Delen via


Netwerkevenementen in .NET

Gebeurtenissen geven u toegang tot:

  • Nauwkeurige tijdstempels gedurende de hele levensduur van een bewerking. Bijvoorbeeld hoe lang het duurde om verbinding te maken met de server en hoe lang het duurde om een HTTP-aanvraag te ontvangen om antwoordheaders te ontvangen.
  • Foutopsporing/traceringsinformatie die mogelijk niet op andere manieren kan worden verkregen.

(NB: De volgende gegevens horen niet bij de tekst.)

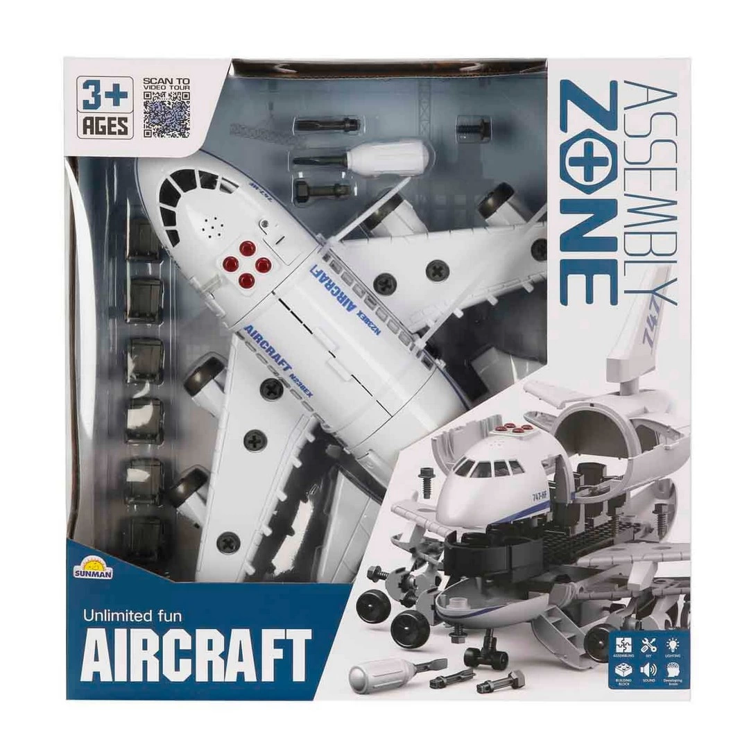 Sound and Light Push-Pull Passenger Plane Your captain is speaking! Are you ready to sit in the captain's seat? With this Sound and Light Push-Pull Passenger Plane, you will assemble your own plane and fly into the skies like a real pilot. You can feel like an engineer as you carefully assemble each part. So now assemble the parts, tighten the screws and start the countdown for takeoff! Once you have completed the construction phase of your plane, you are ready to fly. By pressing 4 different buttons on it, you can hear sounds such as the plane engine sound, the plane taking off and the announcement sound. Do you feel like you are in a real plane? But this is just the beginning! With every press of the buttons, the lights in the plane's cockpit will start flashing. You are in complete control! Even if you finish assembling your plane, your journey will not be over because This wonderful airplane is designed so that you can assemble it and disassemble it again and again, and embark on a new adventure each time. A fun experience awaits you. Fasten your seat belts dear passengers, we're going to fly! It supports the development of children's imagination and creativity by creating new stories, while contributing to their play and imitation skills. Games they play with their friends help them socialize. It also helps children develop construction skills and hand-eye coordination by combining the pieces. In the box; airplane, screw, screwdriver, 2 screwdriver bits and various accessories are included. The product works with 3 x 1.5V AG13 batteries. Product dimensions: 45 cm Box dimensions: 39 x 13 x 41.5 cm. Age Group 3+ Years

Bijvoorbeeld wat voor soort beslissingen de verbindingsgroep heeft genomen en waarom.

De instrumentatie is gebaseerd op EventSource, zodat u deze informatie zowel binnen als buiten het proces kunt verzamelen.

Gebeurtenisproviders

Netwerkgegevens worden verdeeld over de volgende gebeurtenisproviders:

  • System.Net.Http (HttpClient en SocketsHttpHandler)
  • System.Net.NameResolution (Dns)
  • System.Net.Security (SslStream)
  • System.Net.Sockets
  • Microsoft.AspNetCore.Hosting
  • Microsoft-AspNetCore-Server-Kestrel

De telemetrie heeft enige overhead voor de prestaties wanneer deze is ingeschakeld, dus zorg ervoor dat u zich alleen abonneert op gebeurtenisproviders waarin u daadwerkelijk geïnteresseerd bent.

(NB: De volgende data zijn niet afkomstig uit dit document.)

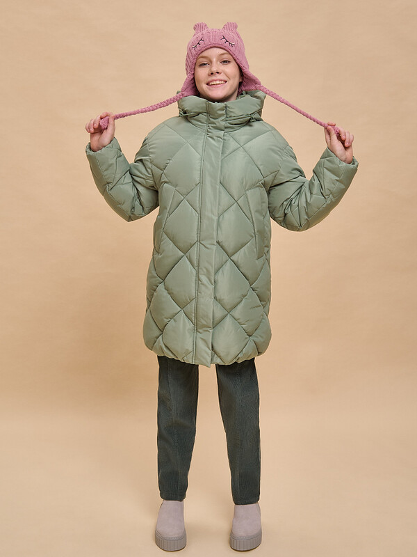 Состав: 100%полиэстер+мембрана, вставка: 100%полиэстер, подклад: 100%полиэстер, утеплитель: экопух 100%полиэстер Куртка зимняя для девочки длиной до середины бедра. Модная пухлая куртка-зефирка украшена актуальной стёжкой в виде квадратных ромбов. На внешнюю поверхность материала нанесена водоотталкивающая пропитка (DWR), она задерживает грязь и влагу снаружи — ребёнок не промокнет от снега, а комбинезон легко отстирается. Также есть дополнительная пропитка на внутренней стороне ткани — для более надёжной защиты от промокания. Капюшон с двумя швами, что обеспечивает анатомически правильную форму и комфортную посадку по голове. По краю капюшона вставка, которая также придаёт милый эффект пухлости. Предусмотрена регулировка объема капюшона эластиком с пластиковыми стопперами. Подкладка капюшона и внутренний воротник из нежного и тактильно приятного бербер-флиса с фактурой «барашек». Центральная застёжка на надежную пластиковую тракторную молнию. Куртка теплая — дополнительно, для защиты от ветра и холода, центральная молния закрыта ветрозащитной планкой на липучке (велькро). По низу рукавов внутренние манжеты из эластичной рибаны — они препятствуют задуванию ветра. Низ куртки и низ рукавов присобраны на широкую резинку с внутренней стороны, чтобы дополнительно придать изделию мягкий объём — пуховик напоминает лёгкое тёплое облачко. Можно также дополнительно уменьшить объем по низу куртки с помощью эластичного шнура по стопперами. По бокам удобные прорезные карманы, закрываются на магниты — легко открывать и закрывать даже в варежках или перчатках. Справа внутри карман на молнии для важных мелочей. Карманы утеплены флисом. В каждой куртке есть нейм-лейбл! Ребенок не потеряется и не потеряет куртку! В боковых швах и на спинке расположены светоотражающие элементы — безопасность в тёмное время суток. Изделие неприхотливо в уходе. Модель без принта. Куртка с наполнителем из полиэстера — она тёплая, легко стирается, быстро сохнет, сохраняет отличную форму и цвет надолго. Подкладка из мягкого и тёплого флиса. Отличная куртка для девочки дошкольного и младшего школьного возраста, а также девочки-подростка. Идеальная, тёплая и красивая куртка на зиму. Рекомендуемый температурный режим: не ниже минус 30 градусов. Утеплитель: экопух. Зимний пуховик подходит для носки в детский сад, школу, для прогулок и активного зимнего отдыха, игр на свежем воздухе. Помните о правильном уходе за изделием: рекомендуется стирать при температуре не выше 30 °C, без предварительного замачивания, с изнанки. Это поможет сохранить качество и цвет куртки на длительное время. Не забывайте о выборе правильного размера. Используйте таблицу размеров на фотографии, чтобы выбрать подходящий вариант для вашей девочки. Обратите внимание, что цвет товара на экране вашего устройства может отличаться от реального. Комментарии к товару

Gebeurtenissen in proces gebruiken

Geef de voorkeur aan in-process verzameling indien mogelijk voor eenvoudigere correlatie en analyse van gebeurtenissen.

EventListener

EventListener is een API waarmee u kunt luisteren naar EventSource-gebeurtenissen vanuit hetzelfde proces dat ze heeft geproduceerd.

using System.Diagnostics.Tracing;

using var listener = new MyListener();

using var client = new HttpClient();
await client.GetStringAsync("https://httpbin.org/get");

public sealed class MyListener : EventListener
{
    protected override void OnEventSourceCreated(EventSource eventSource)
    {
        if (eventSource.Name == "System.Net.Http")
        {
            EnableEvents(eventSource, EventLevel.Informational);
        }
    }

    protected override void OnEventWritten(EventWrittenEventArgs eventData)
    {
        Console.WriteLine($"{DateTime.UtcNow:ss:fff} {eventData.EventName}: " +
            string.Join(' ', eventData.PayloadNames!.Zip(eventData.Payload!).Select(pair => $"{pair.First}={pair.Second}")));
    }
}

Met de voorgaande code wordt uitvoer afgedrukt die vergelijkbaar is met de volgende:

00:598 RequestStart: scheme=https host=httpbin.org port=443 pathAndQuery=/get versionMajor=1 versionMinor=1 versionPolicy=0
01:470 ConnectionEstablished: versionMajor=1 versionMinor=1
01:474 RequestLeftQueue: timeOnQueueMilliseconds=470,6214 versionMajor=1 versionMinor=1
01:476 RequestHeadersStart:
01:477 RequestHeadersStop:
01:592 ResponseHeadersStart:
01:593 ResponseHeadersStop:
01:633 ResponseContentStart:
01:635 ResponseContentStop:
01:635 RequestStop:
01:637 ConnectionClosed: versionMajor=1 versionMinor=1

Yarp.Telemetry.Consumption

Hoewel de EventListener hierboven beschreven benadering handig is voor snelle experimenten en foutopsporing, worden de API's niet sterk getypt en moet u afhankelijk zijn van implementatiedetails van de geïnstrumenteerde bibliotheek.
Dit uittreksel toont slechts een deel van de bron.